Feasibility-Guided Planning over Multi-Specialized Locomotion Policies
Ying-Sheng Luo, Lu-Ching Wang, Hanjaya Mandala, Yu-Lun Chou, Guilherme Christmann, Yu-Chung Chen, Yung-Shun Chan, Chun-Yi Lee, Wei-Chao Chen
TL;DR
This work tackles planning over heterogeneous, unstructured terrain by coordinating multiple specialized locomotion policies. It introduces Feasibility-Net, a policy-specific predictor trained jointly with each policy to output a directional, terrain-aware feasibility tensor from local heightmaps and task commands, augmented with a VAE for out-of-distribution detection. Elevation maps are transformed into multi-directional feasibility tensors which are fused across policies using a max operation and then planned via graph search, with explicit policy selection at each step. The framework demonstrates strong simulation results across varied terrains, robust adaptation as policies improve, and real-world validation with a quadruped, achieving high success rates and interpretable policy switching, while supporting seamless addition of new skills.
Abstract
Planning over unstructured terrain presents a significant challenge in the field of legged robotics. Although recent works in reinforcement learning have yielded various locomotion strategies, planning over multiple experts remains a complex issue.
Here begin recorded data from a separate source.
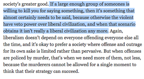 It’s easy to defend free speech of someone saying the things you like or the things within the narrowly accepted mainstream viewpoint, but it’s much harder to say, “Yeah, you Westboro Baptist fuckers, I defend your right to spew your stupid shit.” It’s much harder to be that guy.
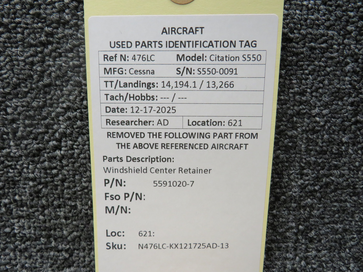 Unless specifically noted, most of our used airplane parts are sold in the condition they were removed, which means you should expect the usual signs of wear and tear.
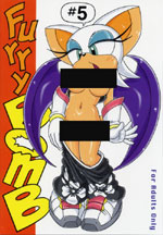 Here are the rest of the covers to the Furry Bomb series. Why is Rouge so surprised? The skirt like item is her outfit from where she appeared in Sonic Riders--so you know a likely date for the book. There isn't actually anthing X-Rated at cover #4, however, a "rude gesture" is covered by the censor plate. (Tails isn't a bird, but he's flipping the bird here) |

Existing approaches encounter several constraints: traditional planners are unable to integrate skill-specific policies, whereas hierarchical learning frameworks often lose interpretability and require retraining whenever new policies are added. In this paper, we propose a feasibility-guided planning framework that successfully incorporates multiple terrain-specific policies. Each policy is paired with a Feasibility-Net, which learned to predict feasibility tensors based on the local elevation maps and task vectors. This integration allows classical planning algorithms to derive optimal paths. Through both simulated and real-world experiments, we demonstrate that our method efficiently generates reliable plans across diverse and challenging terrains, while consistently aligning with the capabilities of the underlying policies.